We first obtain the ML estimates of the parameters of JLSM of skew-t distribution. Let $\theta=\left(\theta_{1}, \theta_{2}, \ldots, \theta_{s_{2}}\right)=\left(\beta^{T}, \gamma^{T}\right)$ with $s_{2}=p+q+1$ be the combined vector of unknown parameters. Given independent observations $y_{1}, y_{2}, \ldots, y_{n}$ the log likslihood function of $\theta$ corrcsponding to thc JLSM of the skcw t distribution can be written as follows.
$$\ell(\boldsymbol{\theta} \mid y, \boldsymbol{x}, \boldsymbol{z})=n \log \left(c_{v}\right)-\frac{1}{2} \sum_{i=1}^{n} z_{i}^{T} \boldsymbol{\gamma}-\frac{v+1}{2} \sum_{i=1}^{n} \log \left(\nu+\frac{\left(y_{i}-\boldsymbol{x}{i}^{T} \boldsymbol{\beta}\right)^{2}}{\boldsymbol{e}^{z{i}^{T} \gamma}}\right)$$

## 统计代写|生物统计代写biostatistics代考|Model-3 JLSSM: Under Skew-t Distribution

JLSMs of Student’s $t$ and skew-t distributions are limited in addressing only the heteroscedasticity. However, the skewness parameter is at least as important as the other parameters to model the data and it may be different for each observation and depend on some of the covariates. Because of this case, modeling the skewness may also be required. Since our main concern is to provide the best modeling of all parameters and to obtain the best modeling of the data, we also consider the skewness model in addition to location and scale. For this purpose, JLSM under skew-t distribution can be extended to JLSSM under skew-t distribution in order to allow modeling the skewness of the data. In this subsection, we consider the JLSSM under skew-t distribution to take into account the variability of skewness parameter.
Let $y_{i} \in \mathbb{R}$, for $i=1,2, \ldots, n$, be independently distributed with $S t(\mu, \sigma, \lambda, v)$ In some cases, in addition to $\mu$ and $\sigma^{2}$, the skewness parameter $\lambda$ may also be different for each $y_{i}, i=1,2, \ldots, n$, and may also be related to a number of variables. Then, the JLSSM under skew-t distribution is defined as follows.
$$\left{\begin{array}{c} y_{i} \sim S t\left(\mu_{i}, \sigma_{i}^{2}, \lambda_{i}, v\right) \ \mu_{i}=\boldsymbol{x}{i}^{T} \boldsymbol{\beta} \ \log \sigma{i}^{2}=z_{i}^{T} \boldsymbol{\gamma} \ \lambda_{i}=v_{i}^{T} \alpha \ i=1,2, \ldots, n \end{array}\right.$$
where $v_{t}=\left[v_{t 1}, v_{i 2}, \ldots, v_{i r}\right]^{T}$ denote the observed covariates and $\alpha=$ $\left[\alpha_{1}, \alpha_{2}, \ldots, \alpha_{r}\right]^{T} \in \mathbb{R}^{r}$ is the unknown parameter vector in the skewness model. We will assume that $n>p+q+r$.
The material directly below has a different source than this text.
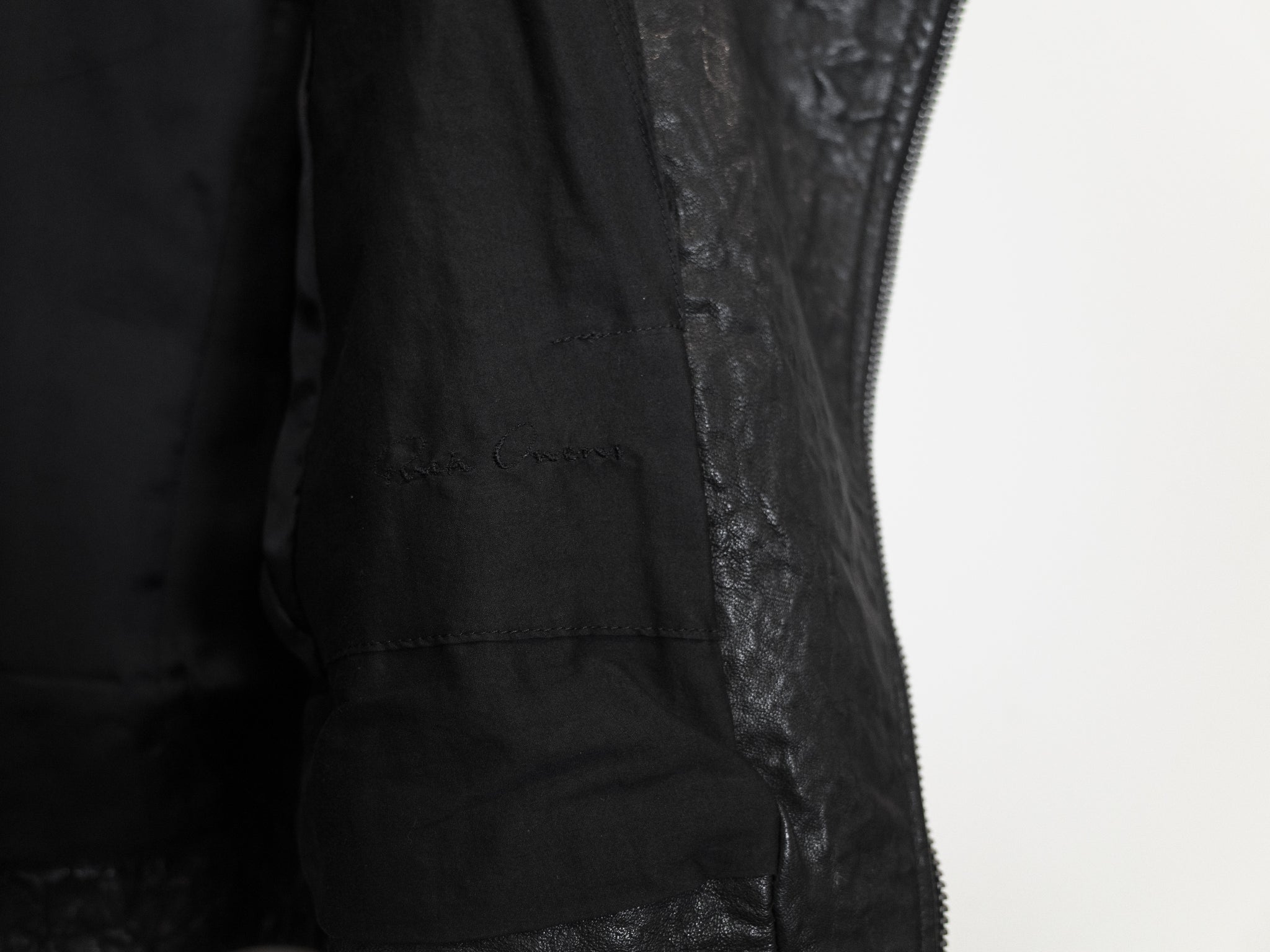 The piece is finished with a substantial Raccagni center zipper, zip-closed 'turbo' stash sleeve pockets, geometric patternwork, rayon/cupro lining, and two interior pockets. All cut in the most beautiful glistening hammered lamb, with an appearance like board formed concrete in its pressed striations.

It is important to stress that the JLSSM under skew-t distribution includes the previous models given in Eqs. (2) and (11) as special cases. If the skewness parameter does not have variability, then JLSSM under skew-t distribution reduces to the JLSM under skew-t distribution. If the skewness parameter is equal to zero, the model reduces the JLSM under Student t distribution. In addition when $v \rightarrow \infty$, the JLSSM under skew-t distribution reduces the JLSSM under skewnormal distribution. The advantage of the JLSSM under skew-t distribution is that it may give a better fit for heavy-tailed and/or asymmetric data sets.